Family Life in Other Cultures
You are now living in a community composed of families from around the world. This is an excellent opportunity to observe habits and customs that may be completely new to you. You may find the roles, behaviors and even dress of men and women are quite different from what you are used to. The care and behavior of children varies widely from culture to culture. Many families practice religious customs that may be unknown to you. Different cultures start and end their day at different hours. Their voices may seem much louder or softer than you are used to. Eating habits and choices of food may be unfamiliar.

Amidst the endless variety of possible lifestyles, remember the family is a universal institution no matter what form it takes. Each family unit around the world meets its basic needs in different ways. Using information in this section, you can become better at interacting with a family that may have values and customs that are very new to you.

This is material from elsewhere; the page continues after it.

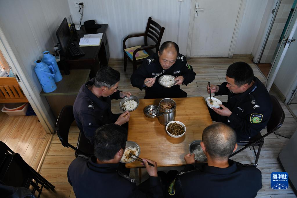 4月20日,在黃山風(fēng)景區平天矼瞭望哨內,瞭望哨防火小隊5名隊員在吃晚飯,右一為秦志平。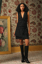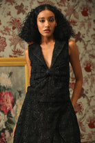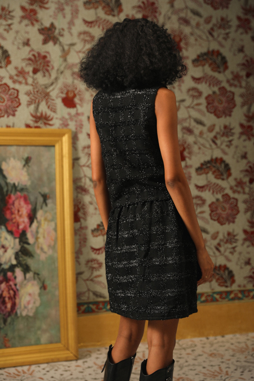 Waistcoat Crafted in metallic tweed with a big bow in the front yok, makes this ensemble perfect for a winter date or an event ready ensemble.

American Characteristics, Manners, and Customs
It would be impossible to describe all the customs and traditions of the United States in this handbook. However, there are a few major social customs of which you might like to be aware. Social customs are constantly changing in our society; they are especially diverse in a university setting where there are many people representing a variety of ethnic, religious, socio-economic, age, occupational and other types of groups.

We do not expect you to change your own customs or identity!

However, we do hope that a knowledge of our culture will help you to understand it better and make your stay in our country more enjoyable.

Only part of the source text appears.